What types of custom sleep appliances does Peak Dental Studio fabricate?

FDA-cleared mandibular advancement devices including custom-titrated designs. Appropriate for mild-to-moderate OSA per AASM guidelines, post-CPAP intolerance cases, and dual-therapy applications.

What information should I send the lab for a sleep appliance?

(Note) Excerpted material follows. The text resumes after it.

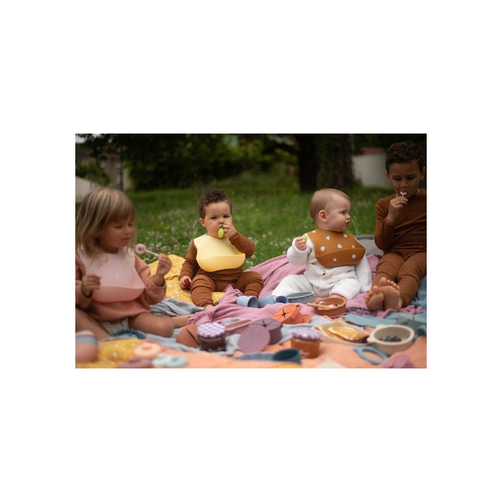 SOINA Silikon Lätzchen, pastel yellow Das Silikonlätzchen ist der Verbündete des Babys beim Essen. Keine Essensflecken mehr auf der Kleidung und auch noch eine Auffangtasche. So geht hier auch im Namen von No Food Waste weniger Essen auf den Boden und somit in den Eimer, sondern wird vom Latz aufgefangen und kann dann direkt aufgepickt und zum Mund geführt werden. Dank der runden, verstellbaren Halslaschen mit verstärkten Knöpfen passt sich das Lätzchen perfekt an die Anatomie des Babys an. Dank seines Materials garantiert das Silikonlätzchen eine einfache Reinigung und bietet Ihrem Baby viel Flexibilität. Es ist umweltfreundlich, schadstoffarm und fettdicht. Es absorbiert kein Wasser oder andere Flüssigkeiten. Ein Accessoire, das Eltern und Babys das Leben leichter macht. Abmessungen : 29 x 23 cm Erhältlich in verschiedenen Farben Reinigung mit Seifenwasser und spülmaschinengeeignet Hergestellt aus lebensmittelechtem Silikon Entspricht den europäischen Normen EN71 BPA- und phthalatfrei Geeignet für Kinder ab 6 Monaten und älter Verpackt in einem Baumwoll-Musselinbeutel Vorsicht Vor dem ersten Gebrauch prüfen und waschen. Lassen Sie das Kind während des Fütterns nicht unbeaufsichtigt.

Maxillary and mandibular impressions (PVS or digital scan), bite registration in protrusive position (typically 60–70% of maximum protrusion), shade selection, and patient parafunction notes. AHI score and CPAP history help with appliance selection.

How does Peak’s appliance differ from boil-and-bite over-the-counter devices?

Custom mandibular advancement devices are individually fitted, made from medical-grade materials, and titratable — meaning advancement can be adjusted without remaking the device. OTC devices have no individualization and high failure rates.

How long does sleep appliance fabrication take?

Standard turnaround is 2 weeks in lab. Rush available — call (801) 850-8758.

Should I refer sleep apnea patients before prescribing an oral appliance?

Best practice is to refer for sleep study (PSG or HSAT) before prescribing. Oral appliance therapy is appropriate for mild-to-moderate OSA — severe cases need primary CPAP referral.